[Your assignment] Find the word "cover" in the listing, and copy out each line where it turns up.

::::

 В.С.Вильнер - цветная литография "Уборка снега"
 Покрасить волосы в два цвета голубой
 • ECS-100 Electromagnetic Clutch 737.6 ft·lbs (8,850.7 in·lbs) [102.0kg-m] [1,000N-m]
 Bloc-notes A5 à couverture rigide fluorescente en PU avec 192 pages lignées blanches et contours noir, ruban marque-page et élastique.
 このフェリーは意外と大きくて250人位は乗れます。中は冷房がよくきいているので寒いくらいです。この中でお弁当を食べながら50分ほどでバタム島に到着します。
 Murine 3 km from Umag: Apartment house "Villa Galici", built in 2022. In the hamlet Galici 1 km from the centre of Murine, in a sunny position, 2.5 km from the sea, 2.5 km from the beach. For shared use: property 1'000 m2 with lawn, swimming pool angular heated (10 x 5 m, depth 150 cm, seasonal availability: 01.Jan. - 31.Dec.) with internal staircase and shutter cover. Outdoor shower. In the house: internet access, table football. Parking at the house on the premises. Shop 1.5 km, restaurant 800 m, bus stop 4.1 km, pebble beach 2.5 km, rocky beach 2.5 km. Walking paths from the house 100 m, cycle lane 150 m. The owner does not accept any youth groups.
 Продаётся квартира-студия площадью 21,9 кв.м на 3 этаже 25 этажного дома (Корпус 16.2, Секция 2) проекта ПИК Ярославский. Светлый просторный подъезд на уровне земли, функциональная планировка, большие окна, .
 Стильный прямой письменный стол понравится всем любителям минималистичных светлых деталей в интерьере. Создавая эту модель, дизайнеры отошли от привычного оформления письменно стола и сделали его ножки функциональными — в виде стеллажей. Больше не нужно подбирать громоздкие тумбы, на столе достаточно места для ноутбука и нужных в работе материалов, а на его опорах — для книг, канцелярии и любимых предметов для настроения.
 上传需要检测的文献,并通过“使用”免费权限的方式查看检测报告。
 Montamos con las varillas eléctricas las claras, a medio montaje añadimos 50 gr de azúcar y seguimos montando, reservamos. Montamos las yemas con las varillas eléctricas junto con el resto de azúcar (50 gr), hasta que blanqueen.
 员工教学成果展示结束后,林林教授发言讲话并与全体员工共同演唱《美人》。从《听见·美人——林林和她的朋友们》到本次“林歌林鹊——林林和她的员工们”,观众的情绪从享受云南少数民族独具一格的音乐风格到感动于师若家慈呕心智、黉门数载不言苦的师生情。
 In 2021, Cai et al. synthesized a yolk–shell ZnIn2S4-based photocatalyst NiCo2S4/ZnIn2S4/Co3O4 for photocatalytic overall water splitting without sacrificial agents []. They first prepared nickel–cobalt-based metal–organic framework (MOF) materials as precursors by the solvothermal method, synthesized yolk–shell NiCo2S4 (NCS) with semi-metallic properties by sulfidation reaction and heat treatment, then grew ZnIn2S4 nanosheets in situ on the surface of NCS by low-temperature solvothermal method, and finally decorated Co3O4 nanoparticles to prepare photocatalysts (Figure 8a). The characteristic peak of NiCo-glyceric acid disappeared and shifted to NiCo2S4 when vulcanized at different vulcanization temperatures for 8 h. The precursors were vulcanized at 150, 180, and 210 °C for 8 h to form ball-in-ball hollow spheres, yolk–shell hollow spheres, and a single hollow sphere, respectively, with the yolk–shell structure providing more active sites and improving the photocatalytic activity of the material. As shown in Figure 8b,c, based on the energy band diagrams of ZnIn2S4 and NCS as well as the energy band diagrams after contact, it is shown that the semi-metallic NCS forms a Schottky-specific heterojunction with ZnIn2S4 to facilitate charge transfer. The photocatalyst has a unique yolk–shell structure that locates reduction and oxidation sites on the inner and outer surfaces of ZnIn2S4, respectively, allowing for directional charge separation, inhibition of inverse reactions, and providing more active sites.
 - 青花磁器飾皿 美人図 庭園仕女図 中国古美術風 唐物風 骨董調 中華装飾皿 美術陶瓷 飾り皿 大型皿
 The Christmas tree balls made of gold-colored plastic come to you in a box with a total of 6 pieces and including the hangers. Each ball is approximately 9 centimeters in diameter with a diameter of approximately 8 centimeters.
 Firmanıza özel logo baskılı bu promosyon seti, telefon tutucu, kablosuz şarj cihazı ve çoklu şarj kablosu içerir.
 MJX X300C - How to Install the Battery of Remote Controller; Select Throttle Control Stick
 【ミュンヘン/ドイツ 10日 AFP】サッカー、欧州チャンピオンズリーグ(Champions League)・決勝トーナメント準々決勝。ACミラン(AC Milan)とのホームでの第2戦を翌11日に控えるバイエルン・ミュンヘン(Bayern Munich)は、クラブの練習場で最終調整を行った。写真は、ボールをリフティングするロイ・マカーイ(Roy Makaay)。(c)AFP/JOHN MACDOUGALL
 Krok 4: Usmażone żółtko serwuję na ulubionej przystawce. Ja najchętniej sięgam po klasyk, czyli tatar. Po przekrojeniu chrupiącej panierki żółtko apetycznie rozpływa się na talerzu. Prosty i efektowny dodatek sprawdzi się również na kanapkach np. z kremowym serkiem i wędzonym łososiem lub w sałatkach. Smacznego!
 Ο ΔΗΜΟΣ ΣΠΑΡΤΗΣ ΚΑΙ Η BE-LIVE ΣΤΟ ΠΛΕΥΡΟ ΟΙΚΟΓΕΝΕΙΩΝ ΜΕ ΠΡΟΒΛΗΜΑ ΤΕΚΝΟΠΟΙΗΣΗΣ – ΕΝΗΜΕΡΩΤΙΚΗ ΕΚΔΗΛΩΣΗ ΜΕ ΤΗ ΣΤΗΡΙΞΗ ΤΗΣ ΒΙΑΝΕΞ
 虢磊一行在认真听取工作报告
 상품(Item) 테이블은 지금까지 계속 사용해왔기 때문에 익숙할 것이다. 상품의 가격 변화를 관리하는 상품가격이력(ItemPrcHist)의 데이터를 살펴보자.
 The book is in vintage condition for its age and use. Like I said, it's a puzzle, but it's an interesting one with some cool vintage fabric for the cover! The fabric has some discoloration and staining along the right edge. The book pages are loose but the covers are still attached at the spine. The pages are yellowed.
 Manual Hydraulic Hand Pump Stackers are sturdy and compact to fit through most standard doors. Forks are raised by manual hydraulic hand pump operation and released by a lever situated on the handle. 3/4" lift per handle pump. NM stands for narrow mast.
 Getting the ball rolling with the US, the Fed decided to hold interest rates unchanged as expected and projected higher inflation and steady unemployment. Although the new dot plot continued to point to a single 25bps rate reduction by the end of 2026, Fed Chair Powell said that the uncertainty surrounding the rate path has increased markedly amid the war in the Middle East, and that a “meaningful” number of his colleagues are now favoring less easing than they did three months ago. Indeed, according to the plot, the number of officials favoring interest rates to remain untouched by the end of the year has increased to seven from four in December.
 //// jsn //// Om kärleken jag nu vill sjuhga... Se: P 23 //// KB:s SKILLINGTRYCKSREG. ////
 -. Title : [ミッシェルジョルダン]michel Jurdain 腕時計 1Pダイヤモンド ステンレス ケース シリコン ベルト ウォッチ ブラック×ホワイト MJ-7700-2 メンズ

::::

[Completed exercise]
 Murine 3 km from Umag: Apartment house "Villa Galici", built in 2022. In the hamlet Galici 1 km from the centre of Murine, in a sunny position, 2.5 km from the sea, 2.5 km from the beach. For shared use: property 1'000 m2 with lawn, swimming pool angular heated (10 x 5 m, depth 150 cm, seasonal availability: 01.Jan. - 31.Dec.) with internal staircase and shutter cover. Outdoor shower. In the house: internet access, table football. Parking at the house on the premises. Shop 1.5 km, restaurant 800 m, bus stop 4.1 km, pebble beach 2.5 km, rocky beach 2.5 km. Walking paths from the house 100 m, cycle lane 150 m. The owner does not accept any youth groups.
 The book is in vintage condition for its age and use. Like I said, it's a puzzle, but it's an interesting one with some cool vintage fabric for the cover! The fabric has some discoloration and staining along the right edge. The book pages are loose but the covers are still attached at the spine. The pages are yellowed.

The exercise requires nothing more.